[What you should do]
Restate every line below word for word, but drop each picture.

[Given data]
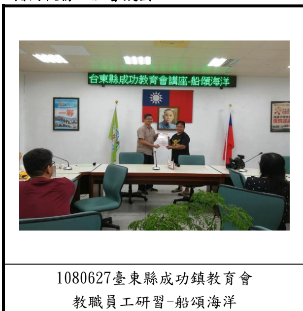
1080627臺東縣成功鎮教育會 教職員工研習-船頌海洋
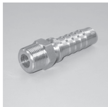
Vaterteil mit Bundstutzen
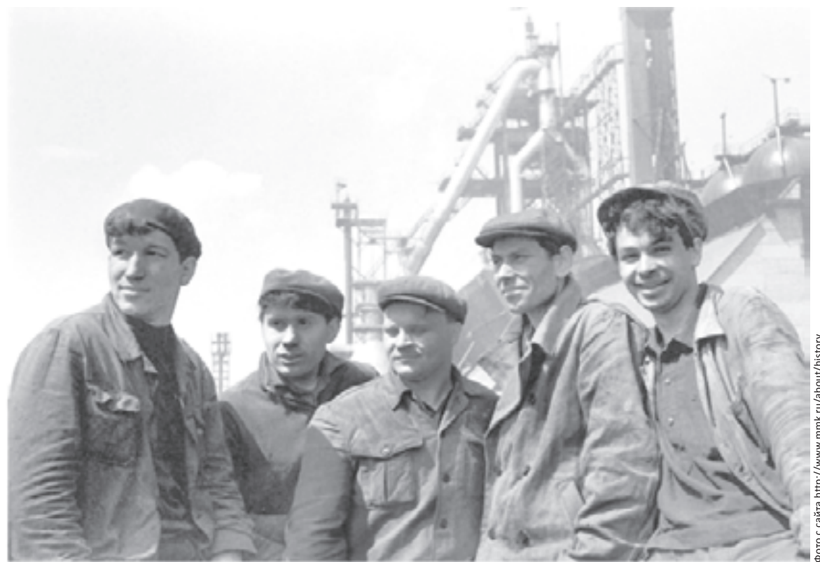
Рабочие Магнитогорского металлургического комбината. 1968 год

тории Магнитогорска. В годы войны говорили, что от Челябинска до Каргалов власть советская, а от Каргалов до Магнитки - власть Носова. Давно нет цензуры, ушла в прошлое КПСС с ее огромной, повсюду проникающей властью, много развелось в СМИ охотников поспрашивать подробности из жизни выдающихся людей, но нигде за всю сорокалетнюю трудовую жизнь я не встречал ни одной критической публикации о Григории Ивановиче. А ведь ему приходилось руководить градообразующим предприятием Магнитогорска в сложные предвоенные и тяжелейшие военные годы. Я подробно описал ученице несколько эпизодов из жизни этого выдающегося человека. Мы вместе изучали статьи и речи Носова, читали литературу о работе и жизни, беседовали с его современниками... А вскоре в Челябинском институте развития профессионального образования (ЧИРПО) нам предложили с очерком о Носове участвовать во Всероссийском конкурсе на лучшее журналистское произведение настенной печати,

[Completed exercise]
1080627臺東縣成功鎮教育會 教職員工研習-船頌海洋
Vaterteil mit Bundstutzen
Рабочие Магнитогорского металлургического комбината. 1968 год

тории Магнитогорска. В годы войны говорили, что от Челябинска до Каргалов власть советская, а от Каргалов до Магнитки - власть Носова. Давно нет цензуры, ушла в прошлое КПСС с ее огромной, повсюду проникающей властью, много развелось в СМИ охотников поспрашивать подробности из жизни выдающихся людей, но нигде за всю сорокалетнюю трудовую жизнь я не встречал ни одной критической публикации о Григории Ивановиче. А ведь ему приходилось руководить градообразующим предприятием Магнитогорска в сложные предвоенные и тяжелейшие военные годы. Я подробно описал ученице несколько эпизодов из жизни этого выдающегося человека. Мы вместе изучали статьи и речи Носова, читали литературу о работе и жизни, беседовали с его современниками... А вскоре в Челябинском институте развития профессионального образования (ЧИРПО) нам предложили с очерком о Носове участвовать во Всероссийском конкурсе на лучшее журналистское произведение настенной печати,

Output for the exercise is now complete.